Question 64443
Graph: {{{f(x) = 3x^2-6x-1}}}
Here's the graph:
{{{graph(300,200,-5,5,-5,5,3x^2-6x-1)}}}
The equation of the line of symmetry is given by:
{{{x = -b/2a}}} The a and the b come from the general form of the quadratic equation: {{{ax^2+bx+c=0}}}
In your equation, a = 3 and b = -6, so:
{{{(-b)/2a = (-(-6))/2(3)}}}
{{{x = 1}}} is the equation of the line of symmetry.
Since the line of symmetry passes thrugh the vertex, you can find the coordinates of the vertex by substituting x = 1 into the quadratic equation and solving for y.
{{{y = 3x^2-6x-1}}} Substitute x=1 and solve for y.
{{{y = 3(1^2)-6(1)-1}}} Simplify.
{{{y = -4}}}
The vertex point is at (1, -4) Confirm this on the graph.
The graph shows that the vertex point is a minimum. 

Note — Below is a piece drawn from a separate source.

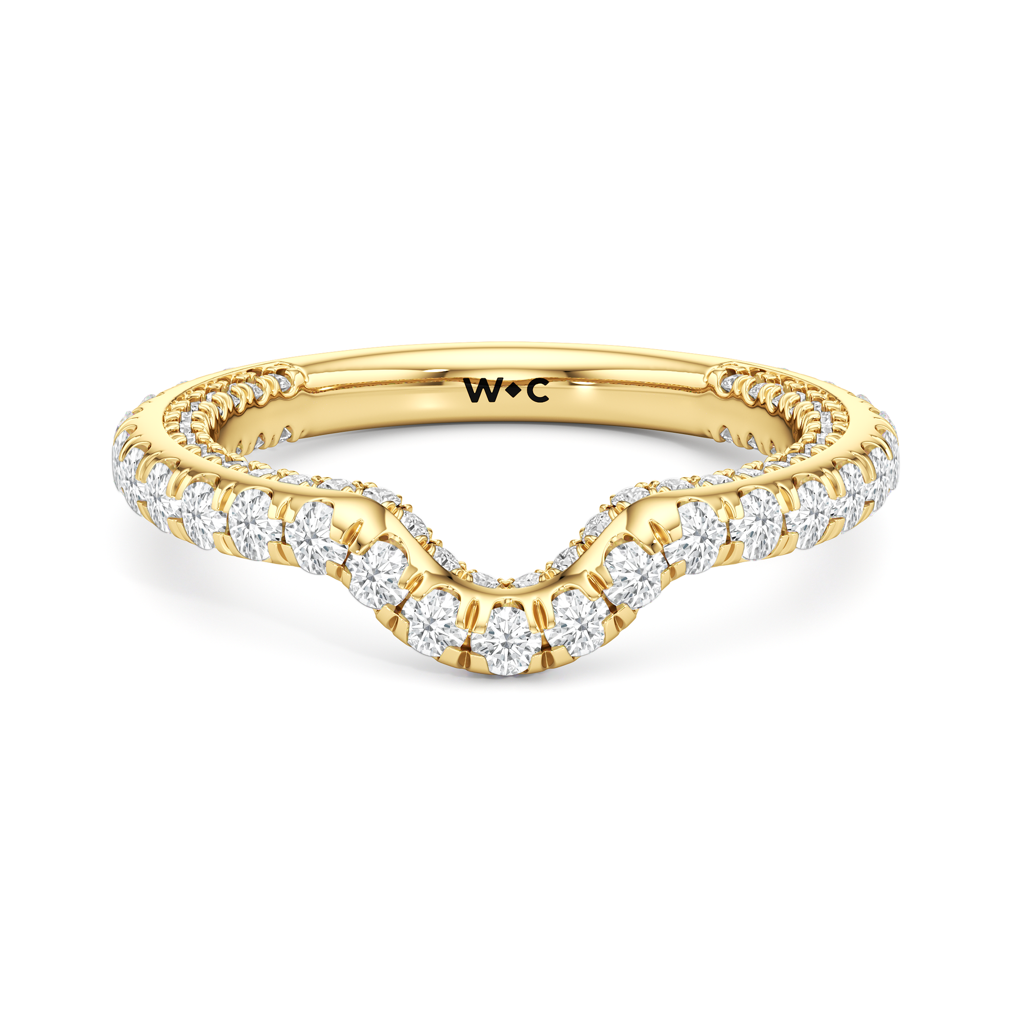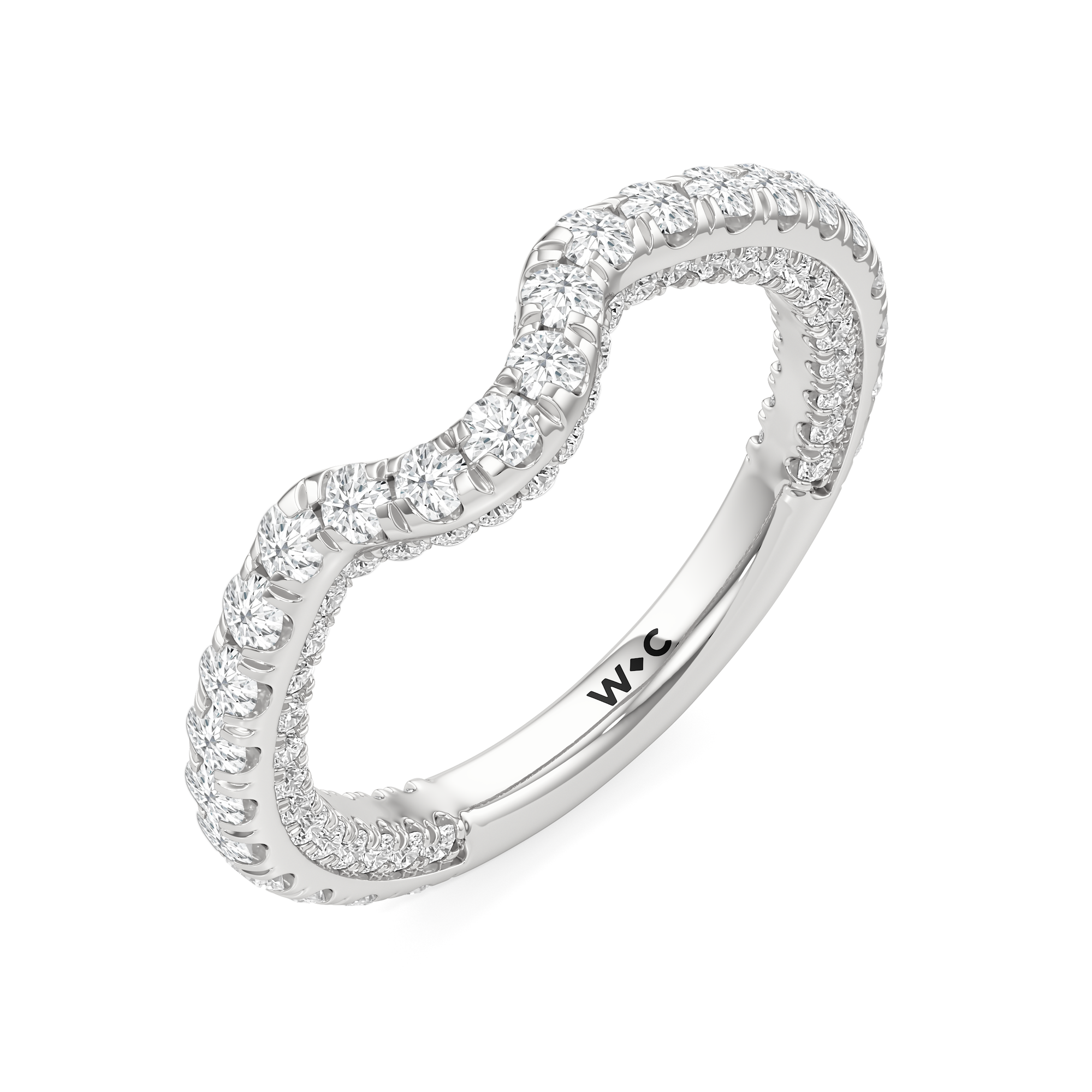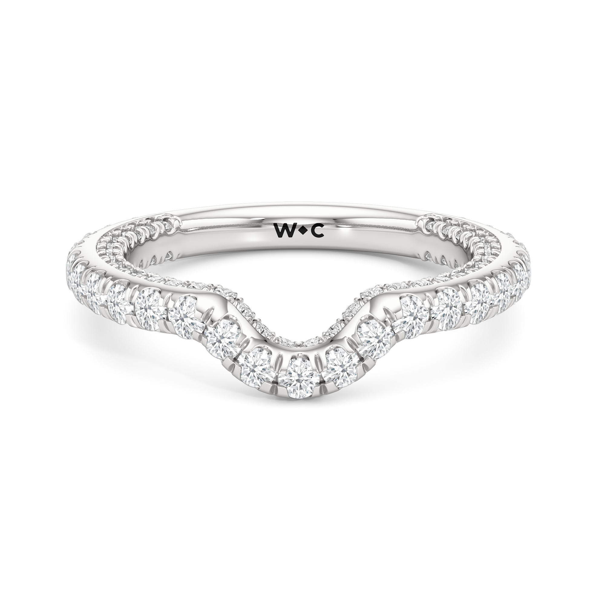 This curved diamond set wedding band is perfectly contoured to complement our the chrysler pavé ring for a simple and sophisticated look.

To find four more points to meet your requirement, simply choose four conveniently small values of x and substitute these, one-by-one into the quadratic equation and solve for four values of y.
Let x = 0 for point1.
{{{y = 3(0^2)-6(0)-1}}}
{{{y = -1}}} 
Point1 is (0, -1)
Let x = 1 for point2. You've got this one already, it's the vertex point (1, -4)
Let x = 2 for point3.
{{{y = 3(2^2)-6(2)-1}}}
{{{y = 12-12-1}}}
{{{y = -1}}}
Point3 is (2, -1)
I hesitate to deprive you of the pleasure of doing your own math so perhaps you can finish this yourself.